**DATA SUPPLIED:**
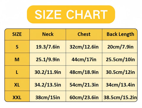 - Measurement Guide: Please use a soft tailor’s tape to measure your dog’s chest and neck before ordering to ensure the perfect fit.
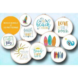 Beach Ocean Summer Funny Humor Sun Counted Cross Stitch Patterns Set of 10
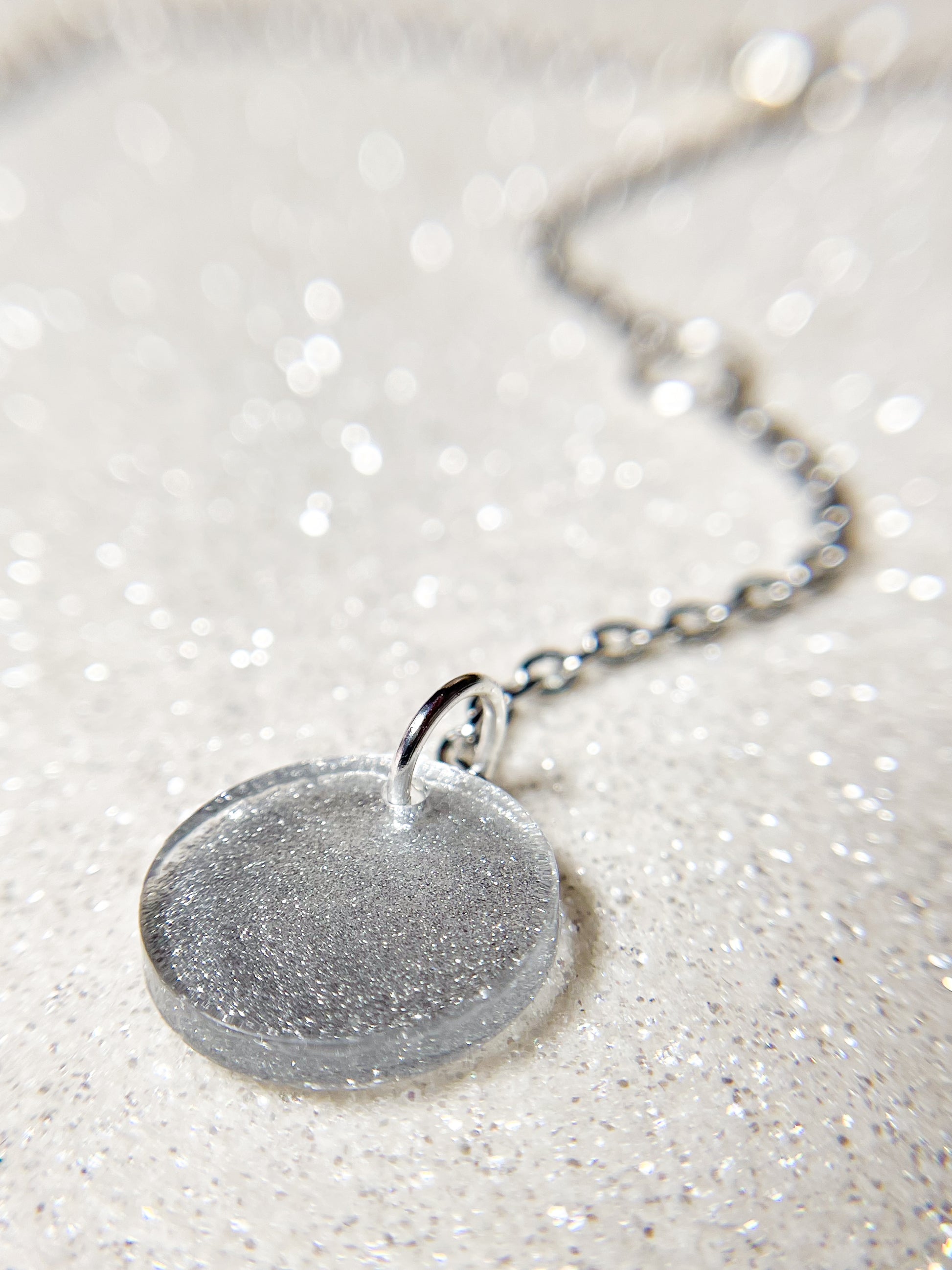 This necklace is made from 20 pieces of hand-painted acrylic plates and paper, assembled and coated with acrylic UV/LED resin and finished with a silver surgical stainless steel chain with an extender.
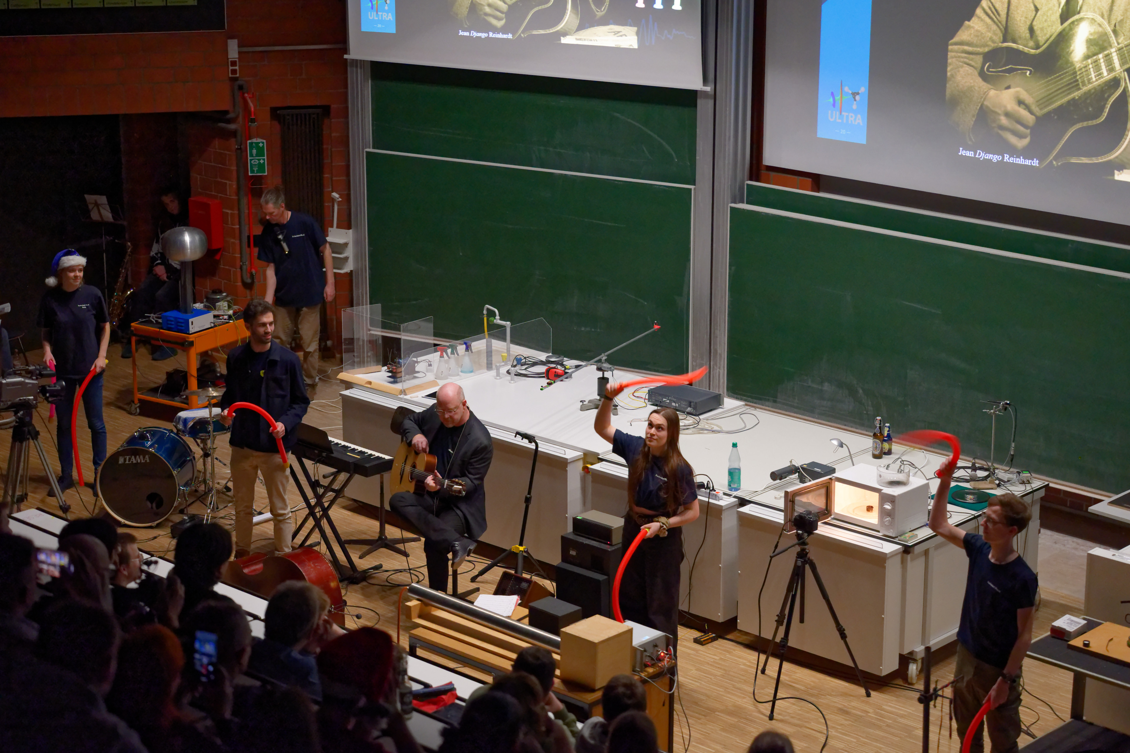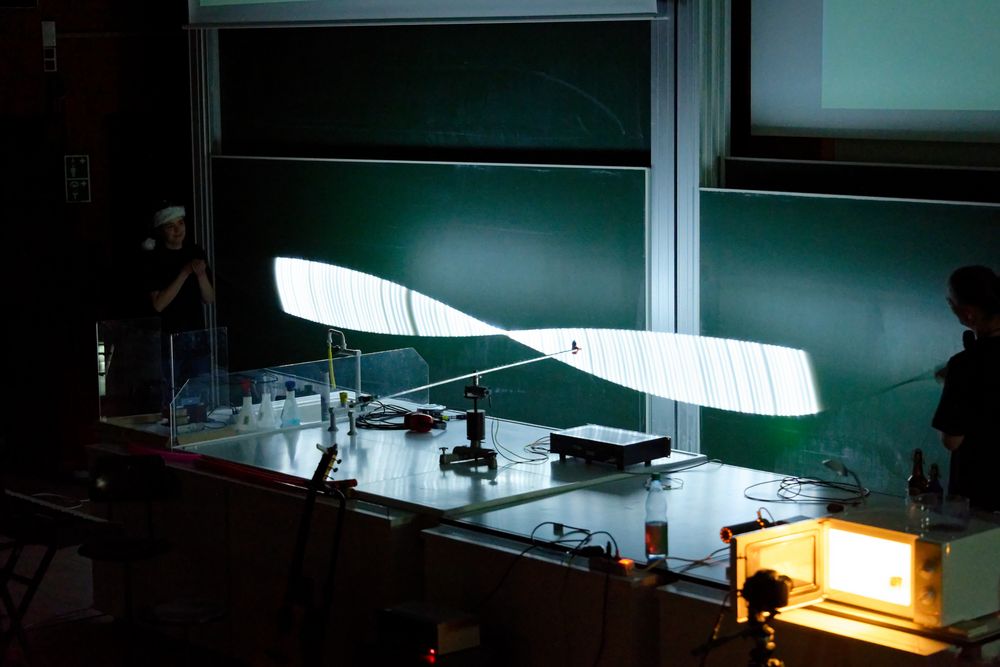 Physikshow von Matthias Wollenhaupt, Lea-Christin Feld und Bernd Schwenker über die Schönheit und Vielfalt von Wellenfunktionen bis hin zur Schrödinger-Gleichung.
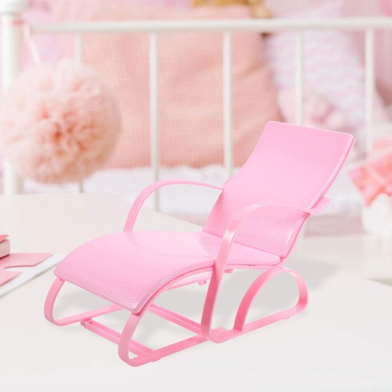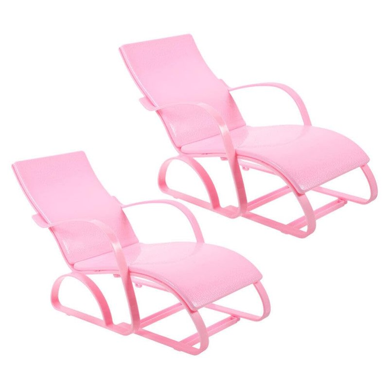 UPKOCH 2 Pcs Mini Dolls House Beach Chairs, 6.68 Inch Plastic Doll House Lounge Chairs, Miniature Beach Accessories for Crafts, Dollhouse Furniture for 11.5 Inch Dolls, Pink
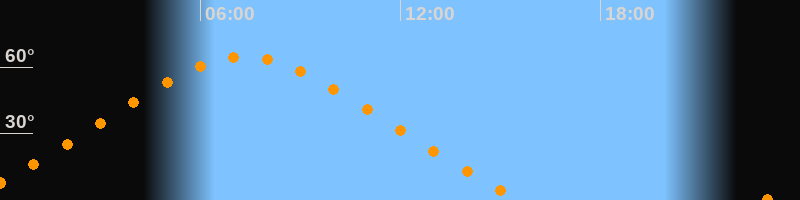 | Höchster Stand (Kulmination) | 07:19 Uhr (h = 64,4°) |
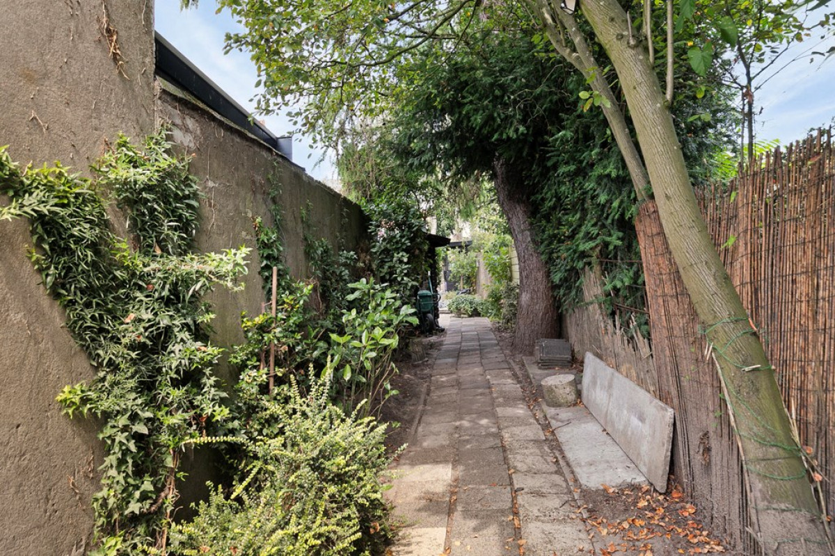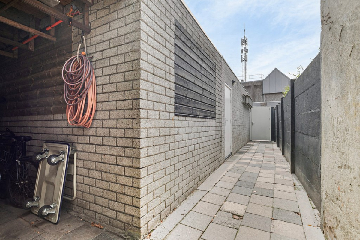 Naast de garagedeur is de tuin ook via een loopdeur te bereiken.
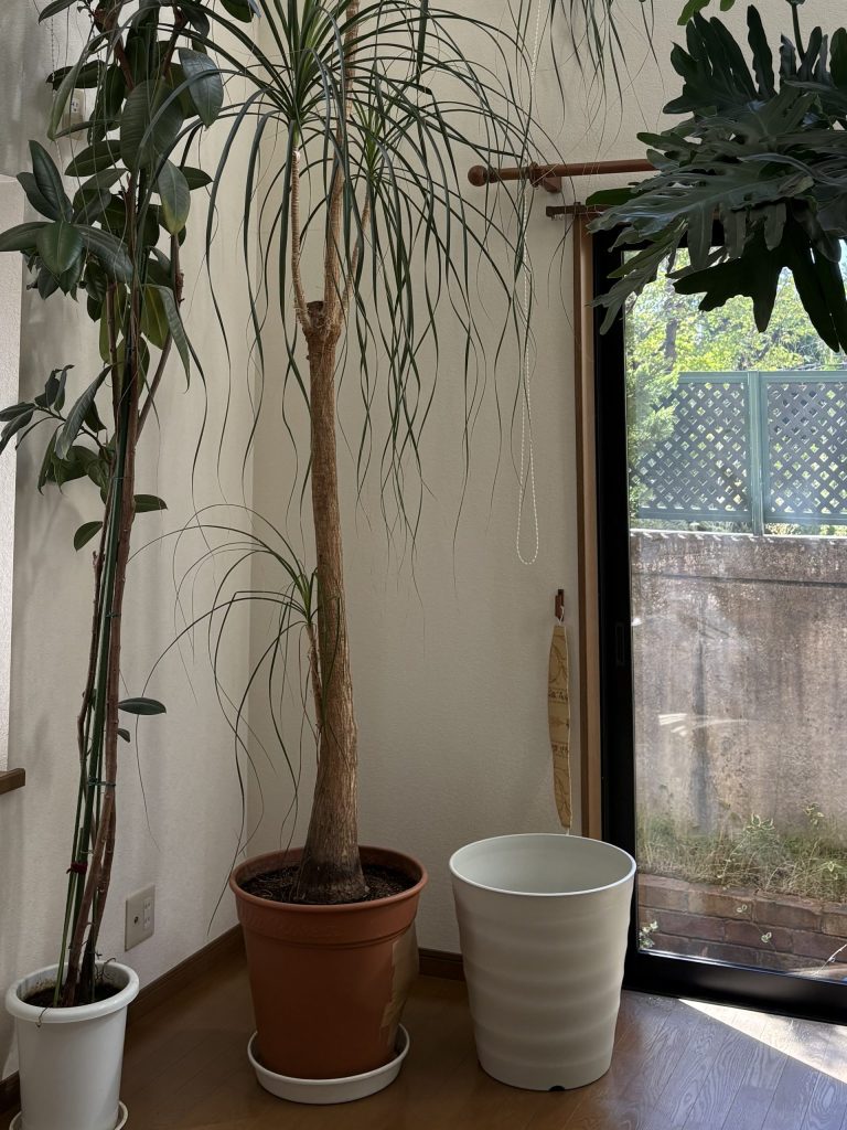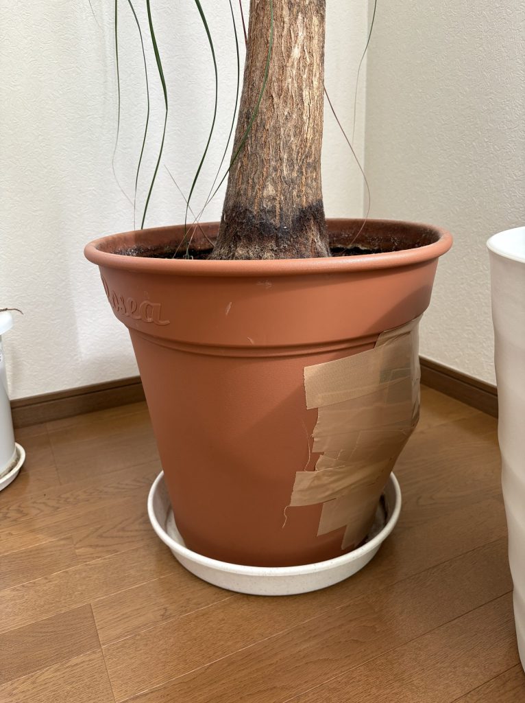 ずっと先延ばしにしていたリビングの観葉植物の鉢替え。さすがに暑い夏が終わったらどこかに頼まないと破裂する💥😱💥ガムテープの補強は右側と後ろの2箇所、更に正面も膨らんできた😰😰😰
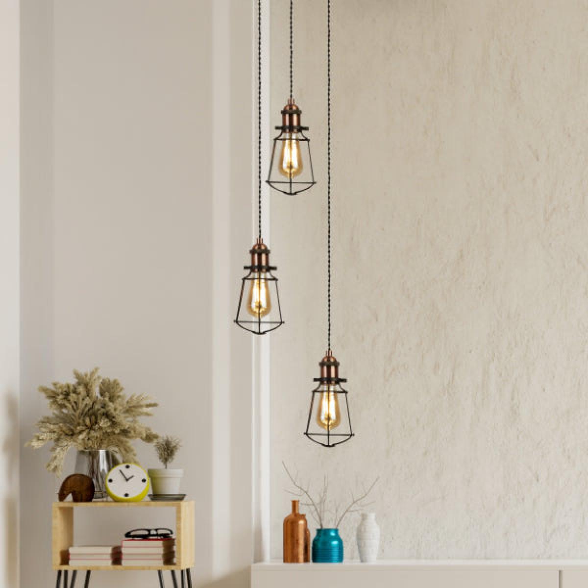 Contemporary 3 light pendant ceiling light boasting a black finish. A modern addition to your living space, the Burns 3 Light is a stylish piece, exclusive to Pagazzi. Boasting three cascading wire shades with a matt black finish, it comes complete with antique copper detailing. Height adjustable by altering the length or the black twisted fabric flex, it is perfect for use above your dining table, breakfast bar and hallway. Need Bulbs? Pair this light with our 4w LED Vintage bulbs for a rustic and industrial glow to compliment the copper detailing. Contemporary 3 light pendant ceiling light boasting a black finish. A modern addition to your living space, the Burns 3 Light is a stylish piece, exclusive to Pagazzi. Boasting three cascading wire shades with a matt black finish, it comes complete with antique copper detailing. Height adjustable by altering the length or the black twisted fabric flex, it is perfect for use above your dining table, breakfast bar and hallway. Need Bulbs? Pair this light with our 4w LED Vintage bulbs for a rustic and industrial glow to compliment the copper detailing.

**GOAL OF THE EXERCISE:** The entries are to be restated word for word, with pictures omitted.

**SOLUTION FOR THIS PROBLEM:**
 - Measurement Guide: Please use a soft tailor’s tape to measure your dog’s chest and neck before ordering to ensure the perfect fit.
 Beach Ocean Summer Funny Humor Sun Counted Cross Stitch Patterns Set of 10
 This necklace is made from 20 pieces of hand-painted acrylic plates and paper, assembled and coated with acrylic UV/LED resin and finished with a silver surgical stainless steel chain with an extender.
 Physikshow von Matthias Wollenhaupt, Lea-Christin Feld und Bernd Schwenker über die Schönheit und Vielfalt von Wellenfunktionen bis hin zur Schrödinger-Gleichung.
 UPKOCH 2 Pcs Mini Dolls House Beach Chairs, 6.68 Inch Plastic Doll House Lounge Chairs, Miniature Beach Accessories for Crafts, Dollhouse Furniture for 11.5 Inch Dolls, Pink
 | Höchster Stand (Kulmination) | 07:19 Uhr (h = 64,4°) |
 Naast de garagedeur is de tuin ook via een loopdeur te bereiken.
 ずっと先延ばしにしていたリビングの観葉植物の鉢替え。さすがに暑い夏が終わったらどこかに頼まないと破裂する💥😱💥ガムテープの補強は右側と後ろの2箇所、更に正面も膨らんできた😰😰😰
 Contemporary 3 light pendant ceiling light boasting a black finish. A modern addition to your living space, the Burns 3 Light is a stylish piece, exclusive to Pagazzi. Boasting three cascading wire shades with a matt black finish, it comes complete with antique copper detailing. Height adjustable by altering the length or the black twisted fabric flex, it is perfect for use above your dining table, breakfast bar and hallway. Need Bulbs? Pair this light with our 4w LED Vintage bulbs for a rustic and industrial glow to compliment the copper detailing. Contemporary 3 light pendant ceiling light boasting a black finish. A modern addition to your living space, the Burns 3 Light is a stylish piece, exclusive to Pagazzi. Boasting three cascading wire shades with a matt black finish, it comes complete with antique copper detailing. Height adjustable by altering the length or the black twisted fabric flex, it is perfect for use above your dining table, breakfast bar and hallway. Need Bulbs? Pair this light with our 4w LED Vintage bulbs for a rustic and industrial glow to compliment the copper detailing.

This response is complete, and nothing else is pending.